A fundamental dogma of the conservative movement is that there is a huge segment of the American population who don't want to work but just want to take a dole paid for by taxpayers who do work.  That is the contention expressed in Romney's statement that 47 percent of Americans consider themselves victims and want the government to provide for them and Paul Ryan's statement that 30 percent of Americans are takers, not makers. This is a serious lie and insult to a huge segment of Americans.  There may be a small segment who desire a welfare state, but most people want honest jobs in which they will be treated with respect and provided fair compensation for their work.  The fact that they don't want to be treated like slaves, expendable human offal, by the likes of Mitt Romney and Paul Ryan doesn't mean they don't want to work and think that the state owes them a living.  In their minds, all the state owes them is to protect their opportunities and have the means to insure that they are treated fairly and respectfully in the work place.  When a man who was a leader in shipping jobs overseas and shrinking the market for honest labor in this county says 47 percent of Americans are shirkers and victims, he brings into question whether the ballot box is any longer the place where workers can appeal for any semblance of equity.  Mitt Romney and his kind have brought democracy to its knees.  His slandering of the 47 percent is the moral equivalent of what the Jews were subjected to in the Germany of the 1930s.  His campaign has extended the working class an invitation to insurrection.  

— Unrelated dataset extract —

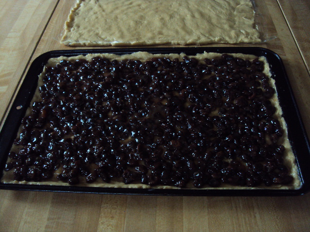 Flip first layer of dough on top of raisins; covering evenly.

His tactic is directly from the playbook of the world's most vicious dictators. 

It has been commented upon by the Columbian Journalism Review in terms of how it has become a challenge for the nation's press corps:  
The Romney campaign is employing a tactic that poses a crucial challenge to the press: attempting to win over late-deciding swing voters who have not been following the race with false and even previously debunked messages.
The touchstone issue in South Dakota for whether people will accept the rule of the one percent and the ten percent is in Referred Law 16.  It is a law submerged in shyster language, but its effect is to make teachers at-will employees with most South Dakota employees, subject to dismissal and disposal according to the prejudices and whims of their "superiors."  It openly discriminates against some academic disciplines by making favored ones eligible for more remuneration.  And it reduces teachers to the level of competing salesman who look to best their colleagues by selling more vacuum cleaners or used cars.

For informed voters, the outcome of that ballot issue will be point of decision about whether they wish to invest their interest and their children's live in the state any longer.  

The majority gets what it wants.  And it sends clear signals to the people it doesn't want, who will act accordingly.  

I make no predictions or recommendations.  I simply await the outcome, along with many people I know.